WORK TO COMPLETE: Write out exactly, and only, the lines below from the line with "يتميز بلونه البني" through the line with "Αμέσως μετά τη"; pictures do not belong in the copy.
════════════════════
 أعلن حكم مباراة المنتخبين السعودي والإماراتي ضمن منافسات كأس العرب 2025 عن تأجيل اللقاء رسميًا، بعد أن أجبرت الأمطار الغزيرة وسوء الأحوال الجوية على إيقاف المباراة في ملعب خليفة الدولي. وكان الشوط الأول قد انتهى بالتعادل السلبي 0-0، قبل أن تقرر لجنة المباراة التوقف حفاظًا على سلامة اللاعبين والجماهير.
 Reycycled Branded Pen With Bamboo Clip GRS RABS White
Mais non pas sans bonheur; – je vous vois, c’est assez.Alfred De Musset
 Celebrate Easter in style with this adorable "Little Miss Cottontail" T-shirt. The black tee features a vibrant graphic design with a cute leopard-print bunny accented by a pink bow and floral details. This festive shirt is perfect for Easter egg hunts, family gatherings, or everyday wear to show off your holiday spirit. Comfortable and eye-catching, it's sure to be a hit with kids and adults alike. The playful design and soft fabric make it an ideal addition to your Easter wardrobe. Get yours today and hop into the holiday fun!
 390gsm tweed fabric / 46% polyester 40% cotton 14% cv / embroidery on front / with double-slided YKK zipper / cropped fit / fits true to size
════════════════════
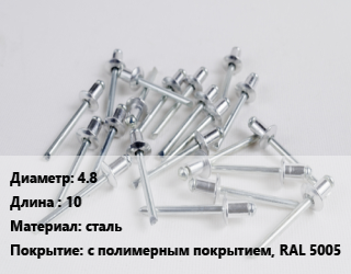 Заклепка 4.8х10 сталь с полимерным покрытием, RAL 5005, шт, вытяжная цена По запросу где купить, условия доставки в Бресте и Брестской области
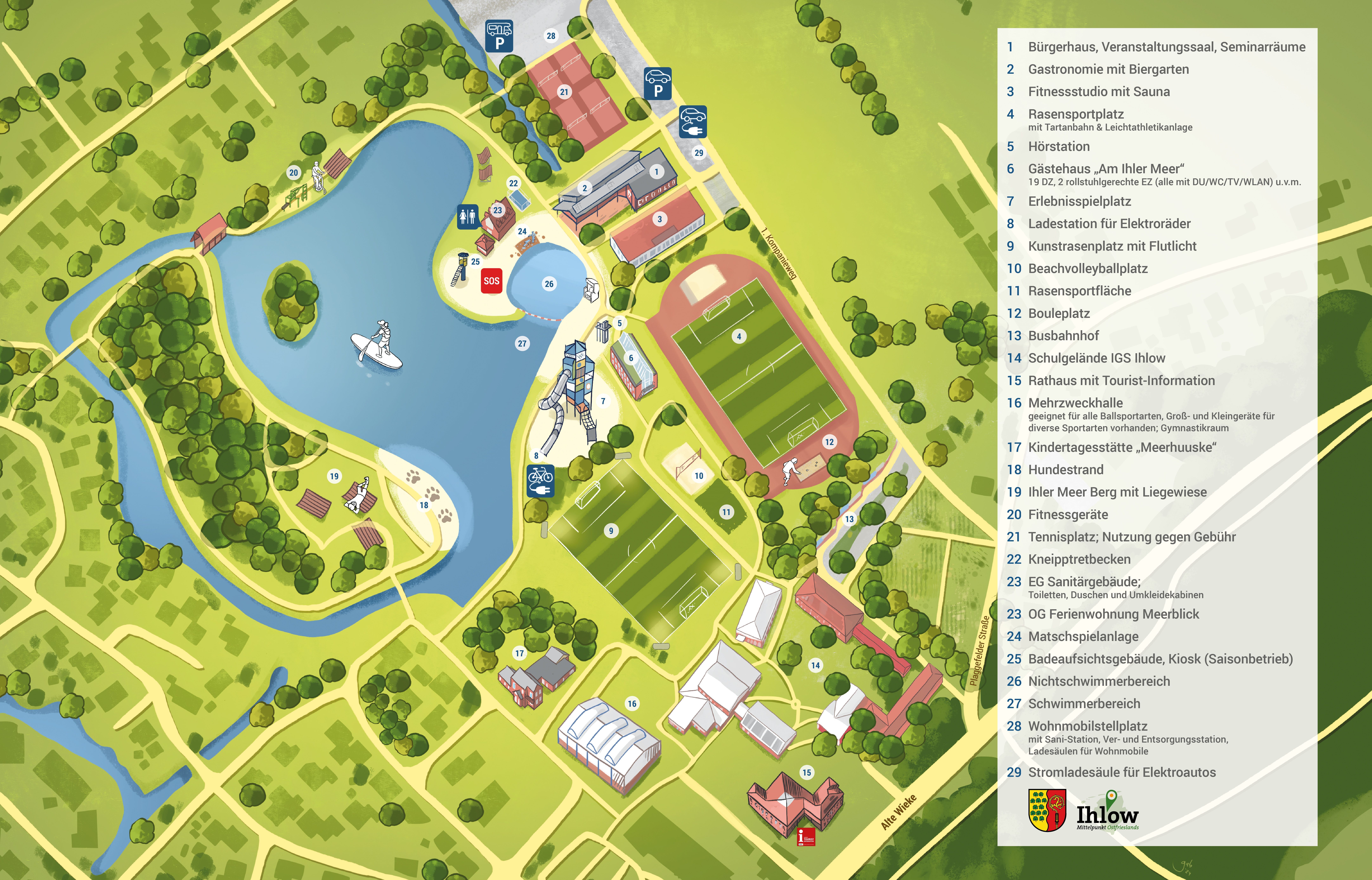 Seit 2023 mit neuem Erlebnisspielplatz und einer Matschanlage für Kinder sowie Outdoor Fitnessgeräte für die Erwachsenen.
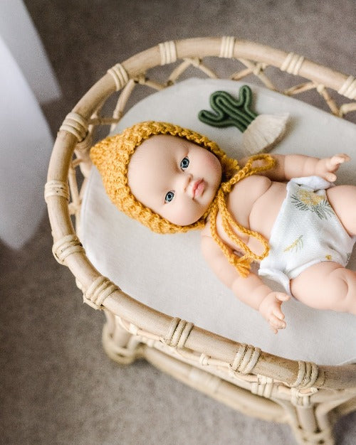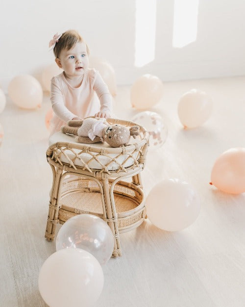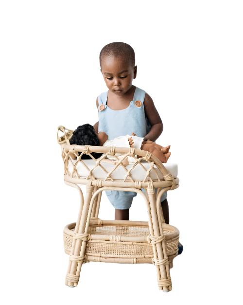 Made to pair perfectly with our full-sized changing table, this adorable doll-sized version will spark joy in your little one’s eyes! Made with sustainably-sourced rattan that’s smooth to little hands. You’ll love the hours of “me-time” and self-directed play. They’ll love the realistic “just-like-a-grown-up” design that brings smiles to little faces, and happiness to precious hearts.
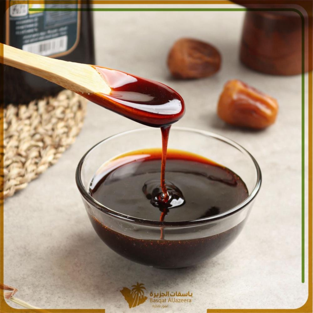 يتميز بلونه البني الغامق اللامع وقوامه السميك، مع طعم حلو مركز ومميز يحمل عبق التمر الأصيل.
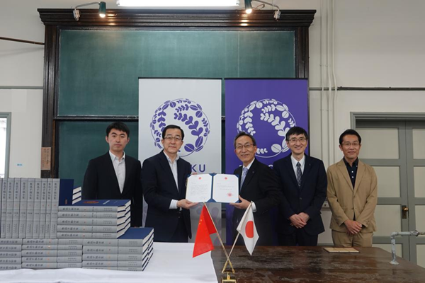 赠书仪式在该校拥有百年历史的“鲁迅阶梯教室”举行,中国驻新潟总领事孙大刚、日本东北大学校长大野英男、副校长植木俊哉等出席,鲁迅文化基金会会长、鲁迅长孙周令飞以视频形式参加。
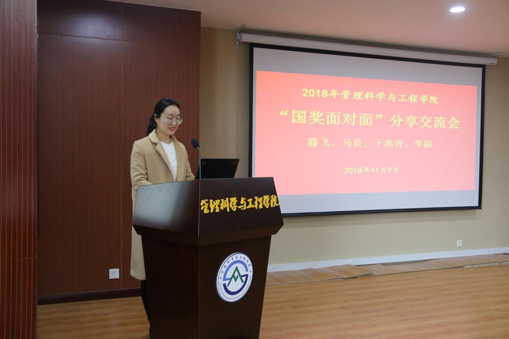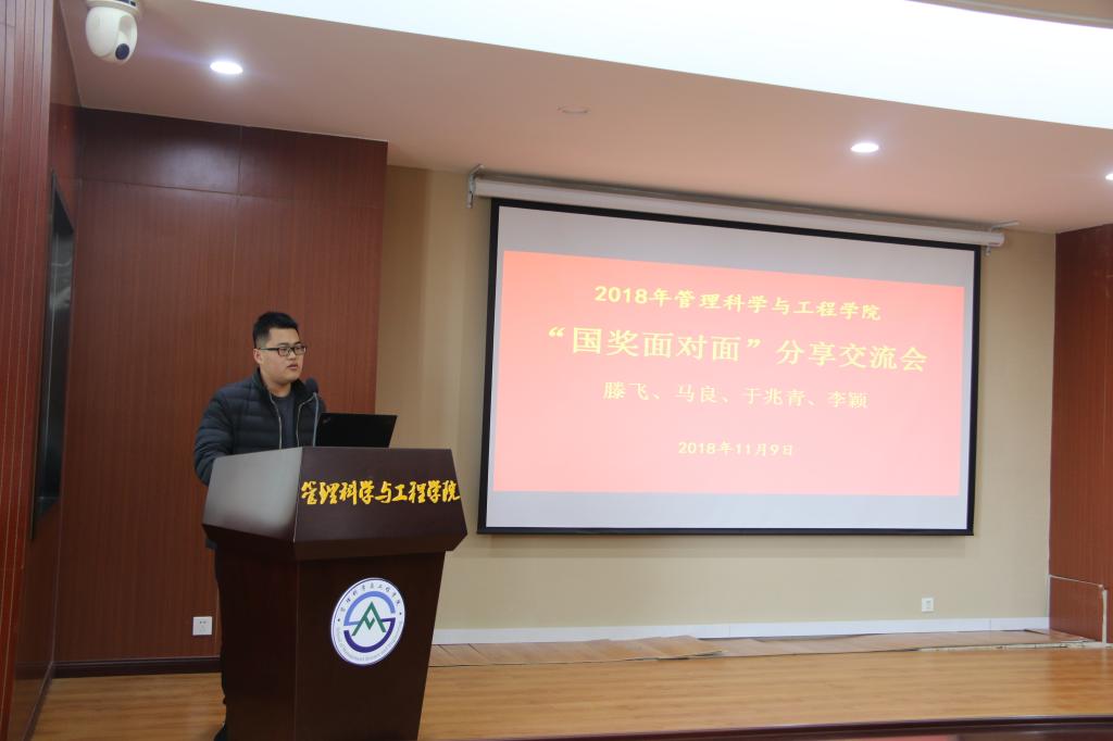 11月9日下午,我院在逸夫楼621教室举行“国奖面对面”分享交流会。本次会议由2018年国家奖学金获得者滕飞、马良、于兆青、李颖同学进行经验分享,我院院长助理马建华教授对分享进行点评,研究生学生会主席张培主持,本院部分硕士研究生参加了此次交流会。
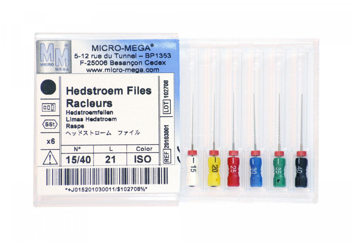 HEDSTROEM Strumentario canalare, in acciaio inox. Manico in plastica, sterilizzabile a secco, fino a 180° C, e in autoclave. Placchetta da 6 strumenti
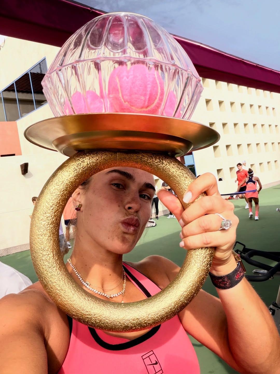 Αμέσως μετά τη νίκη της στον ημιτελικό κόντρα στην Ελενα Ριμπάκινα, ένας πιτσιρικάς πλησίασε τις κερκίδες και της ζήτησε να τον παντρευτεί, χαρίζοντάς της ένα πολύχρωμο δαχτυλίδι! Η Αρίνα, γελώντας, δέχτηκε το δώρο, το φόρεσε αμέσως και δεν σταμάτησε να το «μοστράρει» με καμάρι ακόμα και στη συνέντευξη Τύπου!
════════════════════
EXERCISE RESPONSE:
 يتميز بلونه البني الغامق اللامع وقوامه السميك، مع طعم حلو مركز ومميز يحمل عبق التمر الأصيل.
 赠书仪式在该校拥有百年历史的“鲁迅阶梯教室”举行,中国驻新潟总领事孙大刚、日本东北大学校长大野英男、副校长植木俊哉等出席,鲁迅文化基金会会长、鲁迅长孙周令飞以视频形式参加。
 11月9日下午,我院在逸夫楼621教室举行“国奖面对面”分享交流会。本次会议由2018年国家奖学金获得者滕飞、马良、于兆青、李颖同学进行经验分享,我院院长助理马建华教授对分享进行点评,研究生学生会主席张培主持,本院部分硕士研究生参加了此次交流会。
 HEDSTROEM Strumentario canalare, in acciaio inox. Manico in plastica, sterilizzabile a secco, fino a 180° C, e in autoclave. Placchetta da 6 strumenti
 Αμέσως μετά τη νίκη της στον ημιτελικό κόντρα στην Ελενα Ριμπάκινα, ένας πιτσιρικάς πλησίασε τις κερκίδες και της ζήτησε να τον παντρευτεί, χαρίζοντάς της ένα πολύχρωμο δαχτυλίδι! Η Αρίνα, γελώντας, δέχτηκε το δώρο, το φόρεσε αμέσως και δεν σταμάτησε να το «μοστράρει» με καμάρι ακόμα και στη συνέντευξη Τύπου!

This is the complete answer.